You can find offset of systemfunction inside the libc.sowith nmutility from binutils. I think, you should use nm -D /lib/libc.soor objdump -T /lib/libc.soand grep output.
您可以system在binutils的libc.sowithnm实用程序中找到函数的偏移量。我认为,您应该使用nm -D /lib/libc.soorobjdump -T /lib/libc.so和 grep 输出。
回答by ThiefMaster
If you just want the address of a function while not hardcoding the name, you could dlopen()the main program:
如果您只想要函数的地址而不是对名称进行硬编码,则可以dlopen()在主程序中:
void *self = dlopen(NULL, RTLD_NOW);
dlsym(self, "system"); // returns the pointer to the system() function
If you just want the address of a function of which you know the name at compile-time, simply use void *addr = &system;
如果您只想要在编译时知道其名称的函数的地址,只需使用 void *addr = &system;
回答by R.. GitHub STOP HELPING ICE
The nmcommand, used on libc.so, will show you the location of the systemsymbol in libc.so.
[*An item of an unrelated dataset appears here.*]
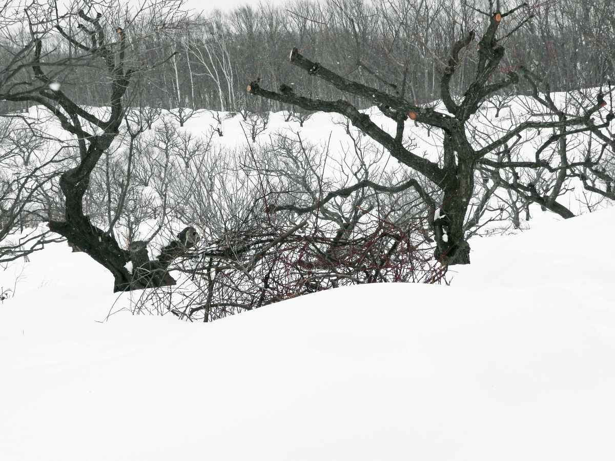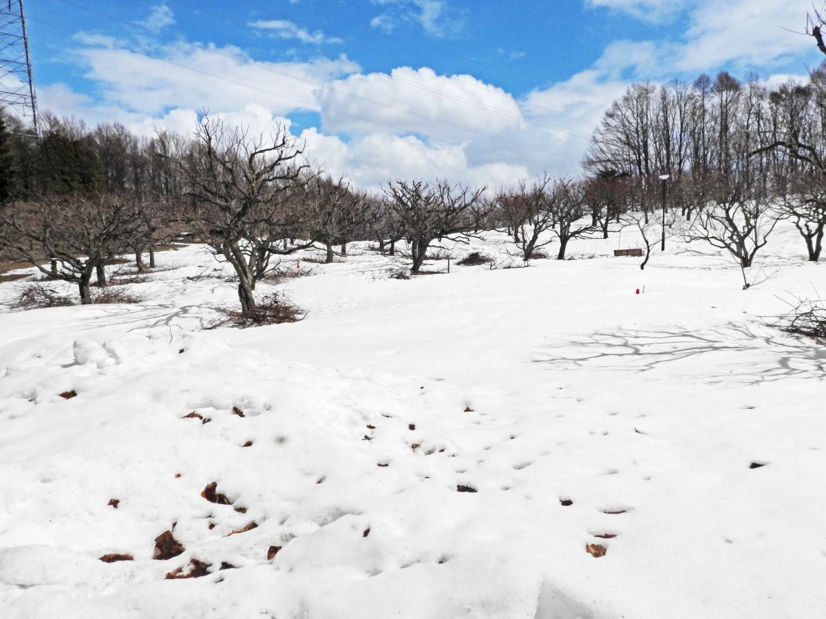 平岡公園では融雪が進んでいますが、地肌が出ているのは陽当たりの良い斜面のみです。
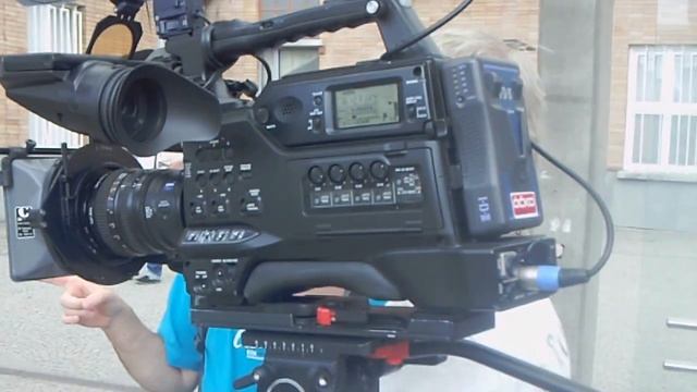 Hoši z regionální tv s kamerou na zastávce tramvaje.

However, if ASLR is enabled, the address libc.sois loaded at, and thus the final address of systemwill vary randomly each time your program is run. Even without ASLR, you'll need to determine the address libc.sogets loaded at and offset the address of systemby that amount.
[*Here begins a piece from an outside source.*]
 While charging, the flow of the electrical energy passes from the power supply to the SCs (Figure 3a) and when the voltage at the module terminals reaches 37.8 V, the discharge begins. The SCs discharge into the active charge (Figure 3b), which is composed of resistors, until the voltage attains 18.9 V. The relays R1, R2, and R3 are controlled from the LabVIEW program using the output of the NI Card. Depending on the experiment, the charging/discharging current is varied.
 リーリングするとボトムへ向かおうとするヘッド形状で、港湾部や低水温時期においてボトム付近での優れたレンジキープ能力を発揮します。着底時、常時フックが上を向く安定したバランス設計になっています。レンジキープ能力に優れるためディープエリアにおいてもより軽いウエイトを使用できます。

在 上nm使用的命令libc.so将显示system符号在 中的位置libc.so。但是,如果启用了 ASLR,libc.so则加载地址是 at,因此system每次程序运行时,最终地址都会随机变化。即使没有 ASLR,您也需要确定地址libc.so被加载并偏移该system数量的地址。
回答by mozillanerd
Id recommend that your environment have the LD_LIBRARY_PATH path. This defines where the shared libraries are to be found. You may also have to look into /etc/ld.so.conf Look at this posting http://www.google.com/url?sa=t&source=web&cd=3&ved=0CCQQFjAC&url=http%3A%2F%2Fubuntuforums.org%2Fshowthread.php%3Ft%3D324660&ei=KqJpTey7JofEsAPE9_imBA&usg=AFQjCNEIbGGrTHp4fufRuj4Yfc58RTHcag&sig2=_9tdlyadMbPc-FcOdCko-w
我建议您的环境具有 LD_LIBRARY_PATH 路径。这定义了共享库的位置。您可能还需要查看 /etc/ld.so.conf 查看此帖子http://www.google.com/url?sa=t&source=web&cd=3&ved=0CCQQFjAC&url=http%3A%2F%2Fubuntuforums.org %2Fshowthread.php%3Ft%3D324660&ei=KqJpTey7JofEsAPE9_imBA&usg=AFQjCNEIbGGrTHp4fufRuj4Yfc58RTHcag&sig2=_9tdlyadMbPc-FcOdCko-w
回答by Dipstick
"Go right to the source and ask the horse..."
“直接去源头问问马……”
Drepper - How To Write Shared Libraries
Must-read documentation for Linux library writers. Explains the mechanics of loading in some detail.
Linux 库编写者的必读文档。详细解释了加载机制。